March, 2016: The first teaser trailer is released and is not funny at all. The film appears gaudy and dumb, and most aspects of the trailer (because in the 21st Century, the reception of a trailer is almost more important than the quality of the film it comes from) are considered to be pretty weak, save for the snippets of remixed Ray Parker Jr. popping up amid the loud booms.

One of the bigger negative reactions concerns Leslie Jones' role, leading to people tweeting their disappointment in the racial makeup of the team directly at her, enough that she feels it necessary to respond directly, and even briefly considers leaving the platform before deciding to stick it out.

The poor quality of the first teaser doesn't just dampen anticipation for the film, it becomes a legitimate smokescreen for the misogynists to hide behind, as people begin to predictably make their voices heard as to why “Hollywood can't just come up with new ideas and leave well enough alone,” and the uglier side of the Ghostbusters fandom hitches a ride on the caboose of that train.

April, 2016: The teaser becomes the most disliked movie advertisement of all time on YouTube, causing many in the entertainment and fan press to write essays trying to pin down the reasoning behind the thumbs-down phenomenon.

May, 2016: The promotional engine begins revving up properly with posters, short character videos, and another trailer (in US and International varieties). The quality of these efforts are better than the first look at the film, but the Ghostbros campaign has become its own weird little attention engine. The conversation about the film is almost solely confined to a single back and forth, best exemplified by this rhetorical: "Oh, so I can't criticize Ghostbusters unless I'm a misogynist, huh?" As if to answer this question...

YouTube celebrity James Rolfe, best known as “The Angry Video Game Nerd,” a character famous for profane, beer-soaked reviews of retro games, posts a video about how he's not going to watch the movie, giving a measured and pleasantly delivered list of reasons tied mostly to his wounded sense of nostalgia.
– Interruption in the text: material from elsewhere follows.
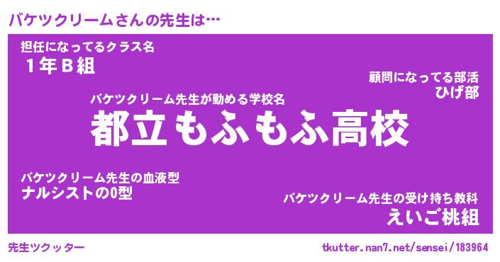 | ヘコむあだ名 | 『バケにゅー』『豆乳』『バケっちょ』 |

The response to this spawns a new set of think pieces, focused mostly on the twin concepts of "fan entitlement" and "subconscious sexism." Rolfe has, whether it was his intention or not, volunteered to be the face of the Ghostbro phenomenon, with Ghostbusters—once primarily remembered as an eminently quotable sci-fi/comedy—now occupying a very strange space in popular culture as a trigger for insecure men of a certain age and temperament, who tend to counter accusations of misogyny with claims that the truly maligned parties here are not women in general, or even the specific women starring in this reboot, but long-time Ghostbusters fans being unfairly and automatically tarred as sexists on social media for daring to defend the sanctity of the Ghostbusters legacy—which, friendly reminder, consists primarily of one poorly received sequel, a Saturday morning cartoon, and a delicious boxed fruit drink by Hi-C (which is back now and apparently still tasty).

July, 2016: The film begins screening for critics, both the kind that are actually paid by media outlets to write reviews, and the amateur kind who don't feel it necessary to actually watch a movie first before passing judgment on its quality. The latter group appears to consist primarily of men, some of whom are invoking the name of Egon Spengler himself, writer/director Harold Ramis, in their righteous anger at the reboot's existence (and apparent success as a comedy), prompting Ramis' daughter to respond: “Stop using my dad as an excuse to hate the new Ghostbusters.”

Thursday, 7pm, July 14: The film opens nationally. You are here.